[Material provided Boundary: Start]

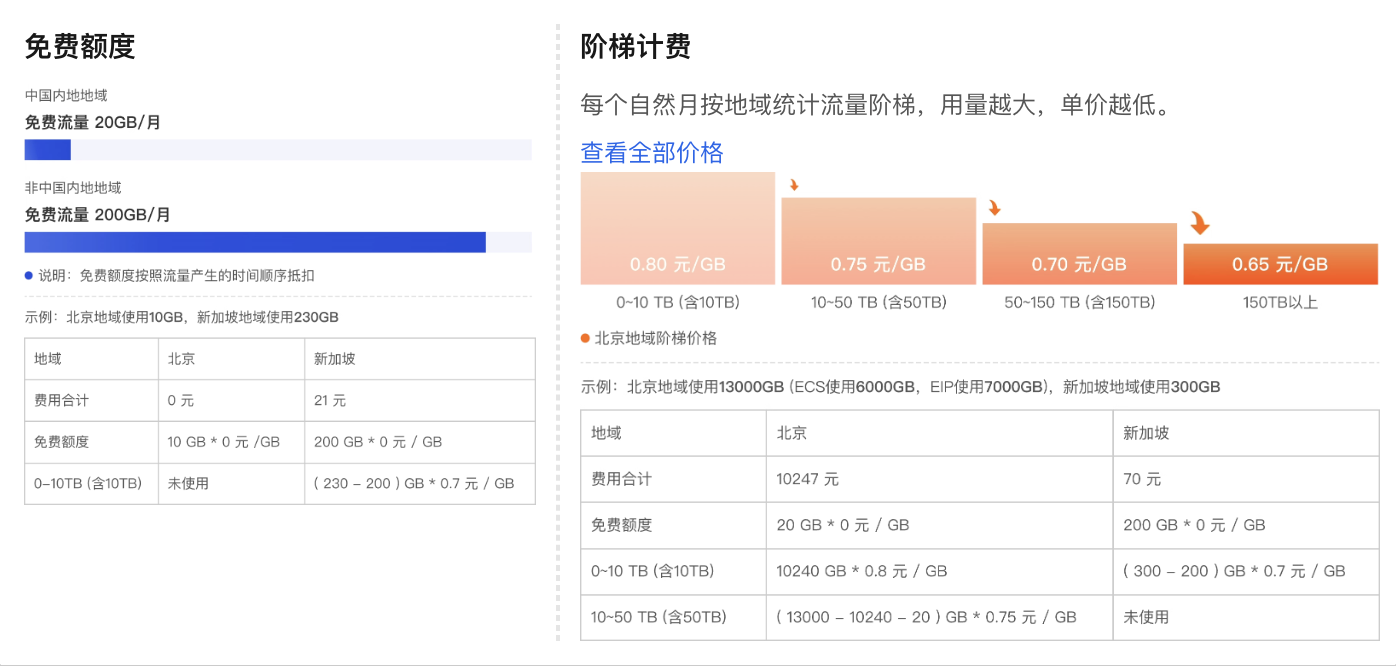 利用阿里云带宽计费模式当中的CDT公网流量免费额度以此获得仅需一个IP价格就能开通的服务器。每个月20g大陆流量以及200g非大陆流量。虽然流量少但是足够个人的学习和使用,最大的优点就是大厂稳定网络和长期在线 拥有公网IP 作为家庭低需求网络中转 远程监控服务器 都是很不错的效果,毕竟带宽可以达到80 Mbps。
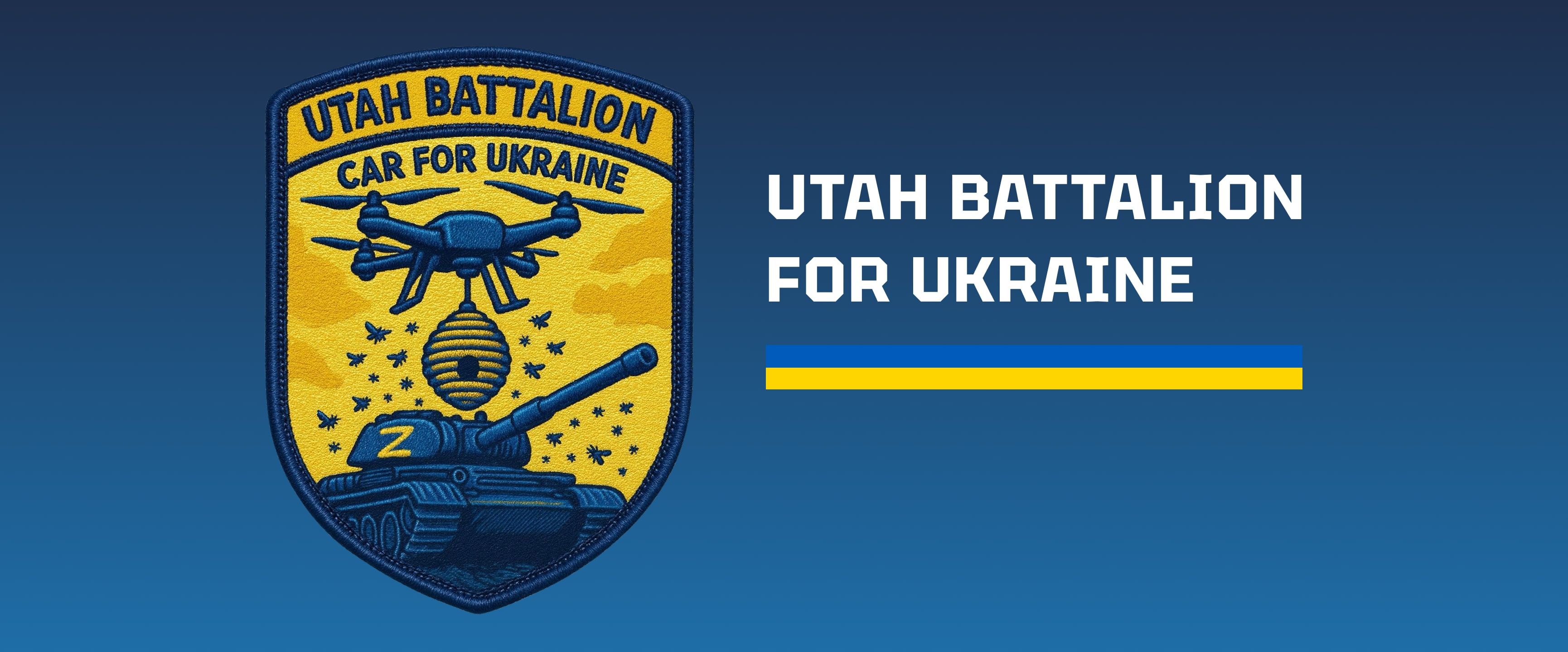 The Utah Battalion patch features a Ukrainian drone dropping a beehive on a russian tank, forcing the invaders to flee Ukraine, and go back home with nothing.
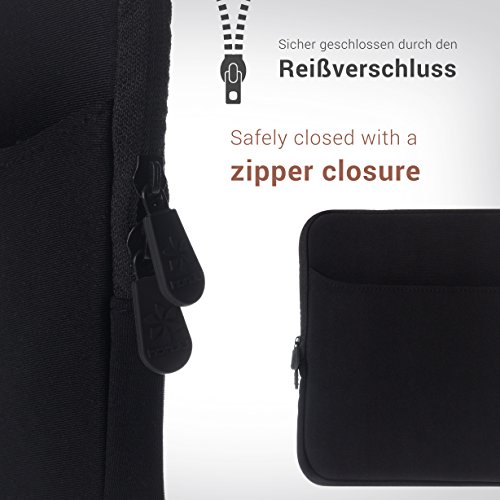 - Protective sleeve with a large outer pocket for your notebook accessories such as charging cable, mouse, USB sticks, business cards, smartphone, etc. - Safely closed by a zipper
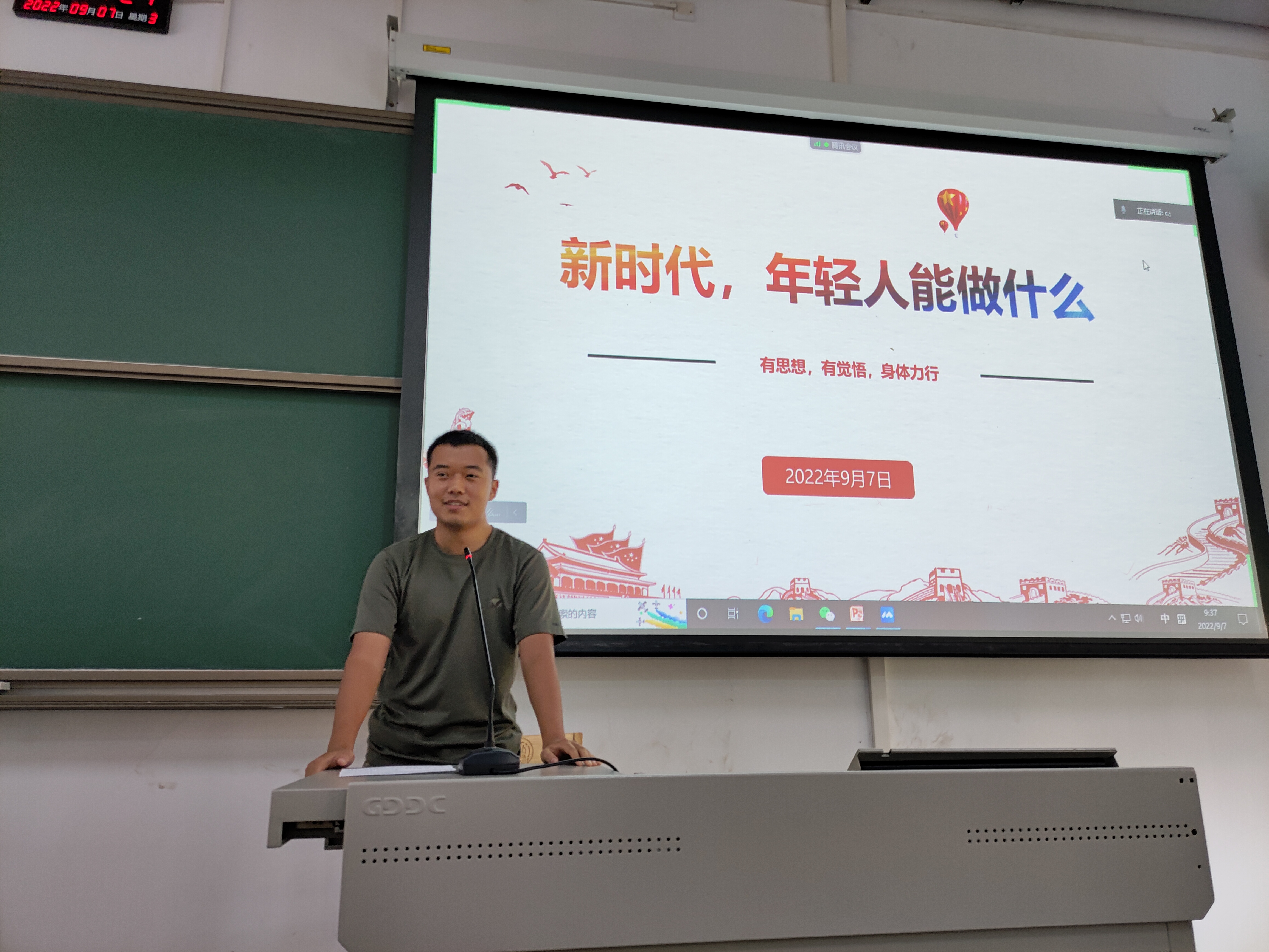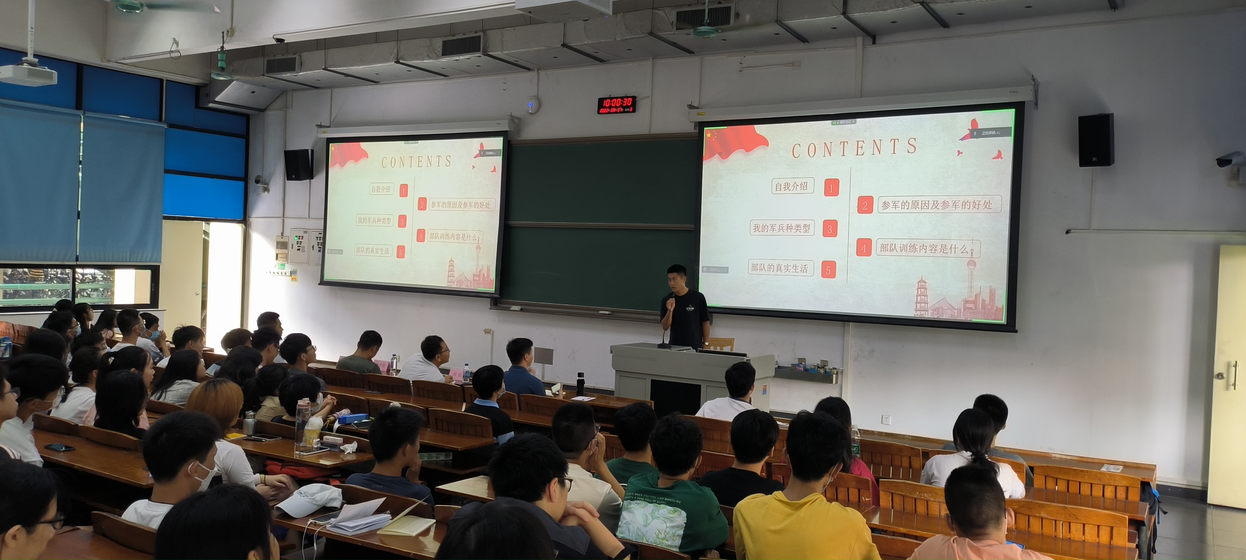 陈彦机从“新时代年轻人能做什么”的角度讲述自己的参军报国情怀,鼓励新生们在未来踊跃参军,在守护国家的路上成长为有理想有抱负的国家栋梁;何宏煜向新生们分享自己在成长为一名有灵魂、有本事、有血性、有品德的四有优秀士兵的心路历程,让新生们认识到成为一名好兵需要付出什么;郭泽镇为新生们介绍军兵种类型,展示部队生活照片,让新生们更真实地体验军营的酸甜苦辣,寄语新生们要勇于做难事,从难事中有所得,在难事中挑战自己。
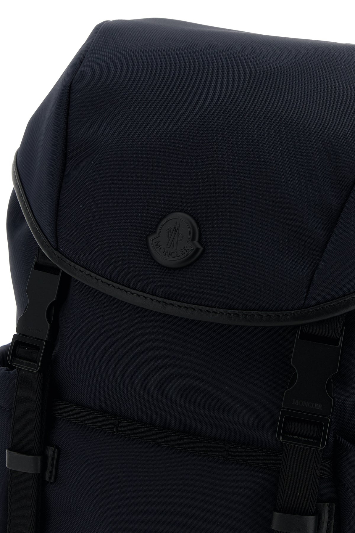 Zaino realizzato in tela arricchito da applicazione logata sulla parte superiore.
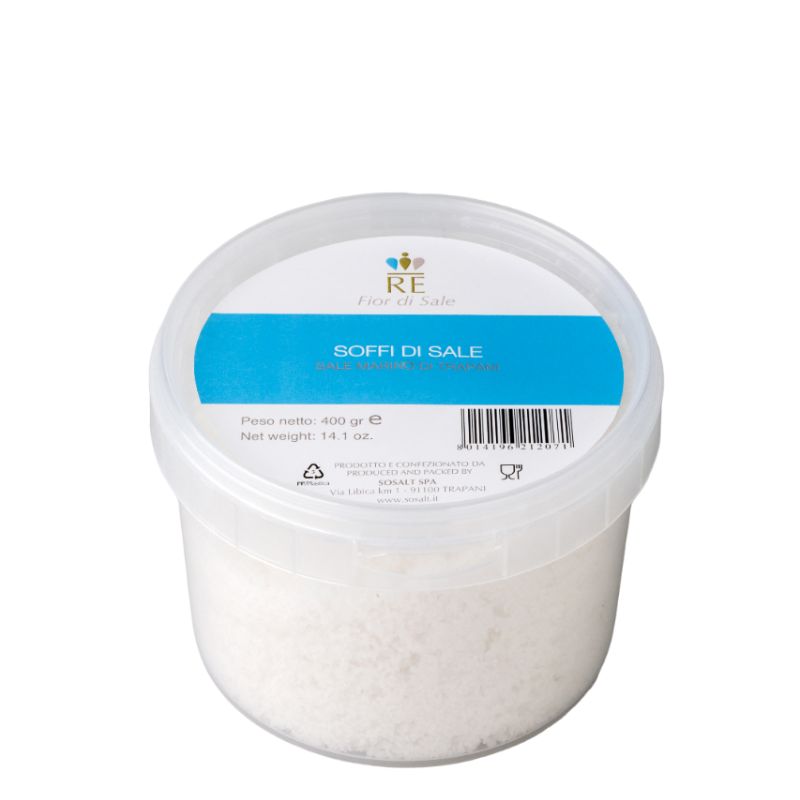 Raccolti a mano dai salinai con grande maestria, secondo un'antica tradizione millenaria, i Soffi di Sale si distinguono per la loro granulometria finissima naturale, ottenuta senza alcuna macinazione meccanica.
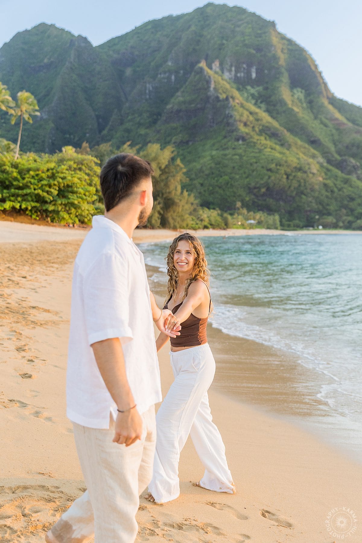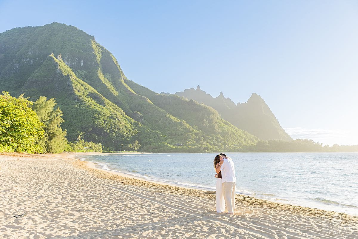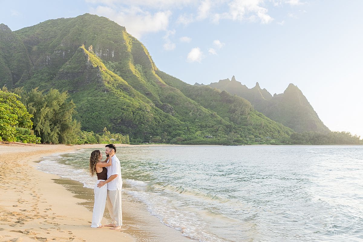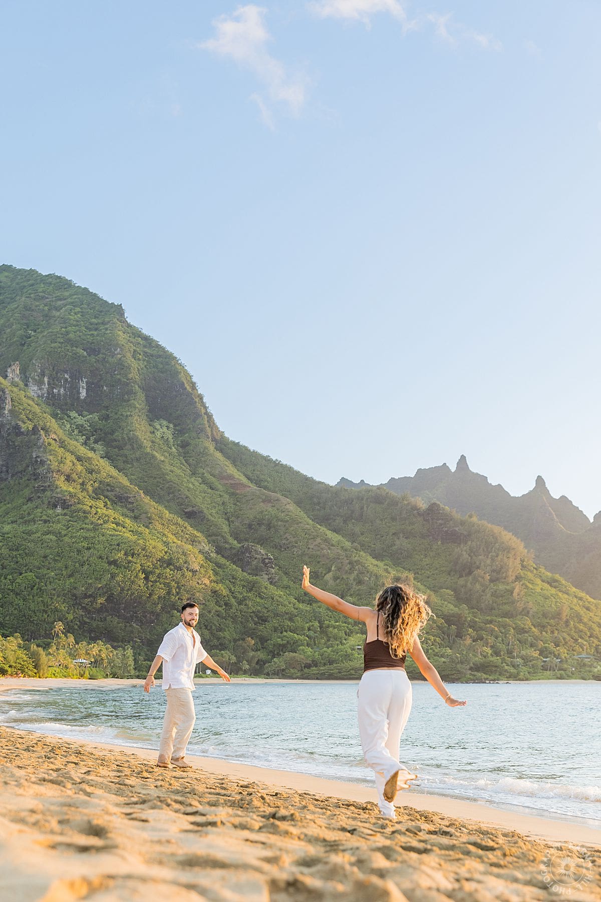 Eric had a plan, and it was a good one. Our photographer went full stealth: ninja-style hiding in plain sight with a long lens, blending into the scene as if simply photographing the coastline. Carla had no idea what was coming. She and Eric strolled along the sand, the ocean stretching endlessly on one side, the dramatic emerald mountains of Kauai towering on the other…

[Material provided Boundary: End]

▸ Work instruction
The listing above should be repeated word for word, with every image left out.

▸ Task result
 利用阿里云带宽计费模式当中的CDT公网流量免费额度以此获得仅需一个IP价格就能开通的服务器。每个月20g大陆流量以及200g非大陆流量。虽然流量少但是足够个人的学习和使用,最大的优点就是大厂稳定网络和长期在线 拥有公网IP 作为家庭低需求网络中转 远程监控服务器 都是很不错的效果,毕竟带宽可以达到80 Mbps。
 The Utah Battalion patch features a Ukrainian drone dropping a beehive on a russian tank, forcing the invaders to flee Ukraine, and go back home with nothing.
 - Protective sleeve with a large outer pocket for your notebook accessories such as charging cable, mouse, USB sticks, business cards, smartphone, etc. - Safely closed by a zipper
 陈彦机从“新时代年轻人能做什么”的角度讲述自己的参军报国情怀,鼓励新生们在未来踊跃参军,在守护国家的路上成长为有理想有抱负的国家栋梁;何宏煜向新生们分享自己在成长为一名有灵魂、有本事、有血性、有品德的四有优秀士兵的心路历程,让新生们认识到成为一名好兵需要付出什么;郭泽镇为新生们介绍军兵种类型,展示部队生活照片,让新生们更真实地体验军营的酸甜苦辣,寄语新生们要勇于做难事,从难事中有所得,在难事中挑战自己。
 Zaino realizzato in tela arricchito da applicazione logata sulla parte superiore.
 Raccolti a mano dai salinai con grande maestria, secondo un'antica tradizione millenaria, i Soffi di Sale si distinguono per la loro granulometria finissima naturale, ottenuta senza alcuna macinazione meccanica.
 Eric had a plan, and it was a good one. Our photographer went full stealth: ninja-style hiding in plain sight with a long lens, blending into the scene as if simply photographing the coastline. Carla had no idea what was coming. She and Eric strolled along the sand, the ocean stretching endlessly on one side, the dramatic emerald mountains of Kauai towering on the other…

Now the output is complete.